Jakarta, IDN Times – Dona (32), warga Tangerang, sadar harus menjalani isolasi mandiri (isoman) setelah mengetahui dirinya positif COVID-19 berdasarkan hasil tes PCR pada pekan akhir Juni 2021. Dia memilih isoman di luar rumah agar tidak menulari keluarganya.
Dalam kondisi tidak bergejala, dirinya pun mencari hotel yang kosong karena merasa tidak perlu perawatan di rumah sakit. Dia memilih hotel terdekat dari rumahnya dengan harga sewa yang pas di kantong.
"Gue OTG gak ada gejala sama sekali. Gue pesan hotel melalui Traveloka," kata Dona kepada IDN Times beberapa waktu lalu.
Saat masuk hotel, suhu badan Dona terdeteksi normal dan tidak ada batuk menyertai. Dona awalnya memutuskan tidak menginformasikan kepada petugas hotel bahwa dirinya positif COVID-19. Apalagi nilai cycle threshold (CT) dalam tes PCR-nya pun cukup tinggi, yang kabarnya tidak berpotensi menulari orang lain.
"Tapi kayaknya pihak hotel curiga. Terus disamperin ke kamar dan akhirnya gue ngaku OTG," tutur Dona.
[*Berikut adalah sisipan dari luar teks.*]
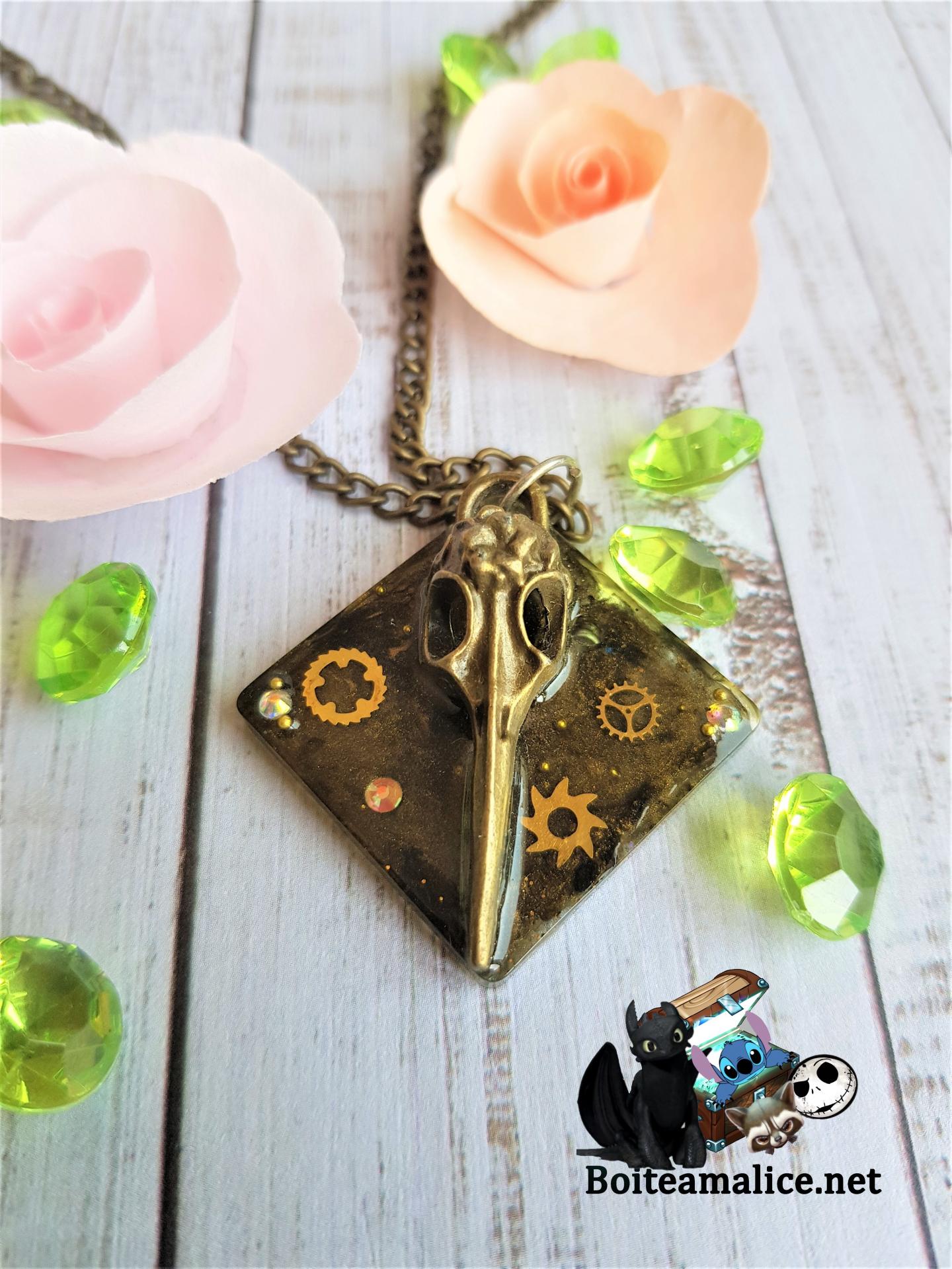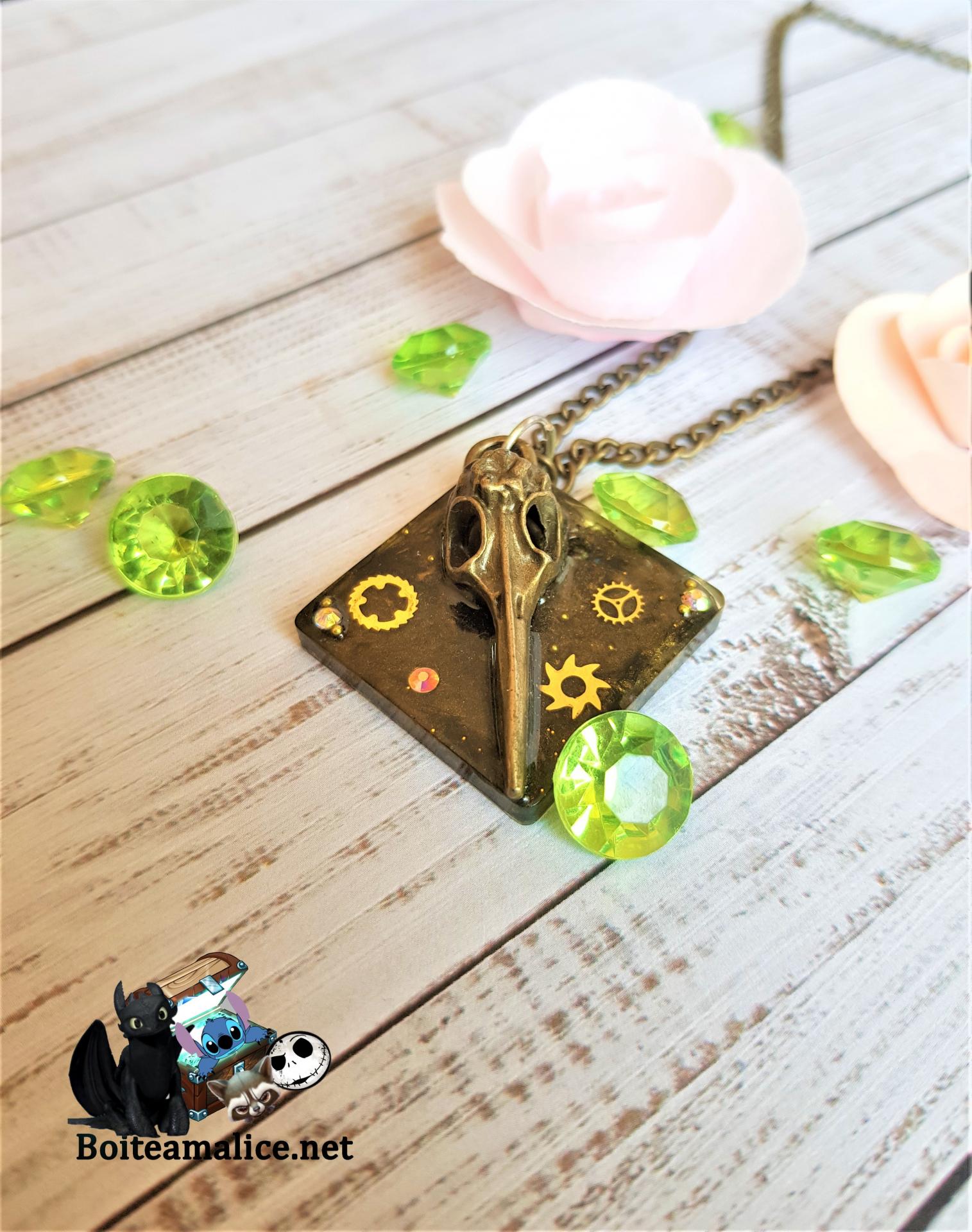 Collier steampunk crâne oiseau - corbeau FAIT MAIN - Bijou résine

Meski sempat deg-degan, Dona akhirnya lega karena karyawan itu memberitahu bahwa hotel tersebut menyediakan layanan khusus isoman. Padahal hotel tersebut tidak termasuk dalam daftar hotel yang bekerja sama dengan pemerintah sebagai hotel khusus isoman.
"Akhirnya dipindah ke kamar khusus," imbuhnya. Dia menuturkan ada satu lantai dengan deretan kamar khusus tamu isoman, meski dia tidak yakin betul ada berapa kamar yang tersedia.
Untuk menginap semalam di hotel tersebut, Dona mengaku harus merogoh kocek sebesar Rp3,2 juta untuk 7 malam dan biaya perpanjangan sebesar Rp700 ribu per malamnya. Hotel memang menjadi pilihan bagi sejumlah warga yang terdeteksi COVID-19 dengan gejala ringan atau OTG. Apalagi belakangan ini, rumah sakit sudah kewalahan menerima pasien.
Bagi hotel, menyediakan kamar untuk tamu isoman jadi salah satu jalan keluar untuk bertahan di tengah kondisi yang megap-megap selama pandemik. Namun, strategi ini bukan tanpa persoalan. Sebab, masih ada hotel-hotel yang menjalankannya secara colongan demi bisa bertahan.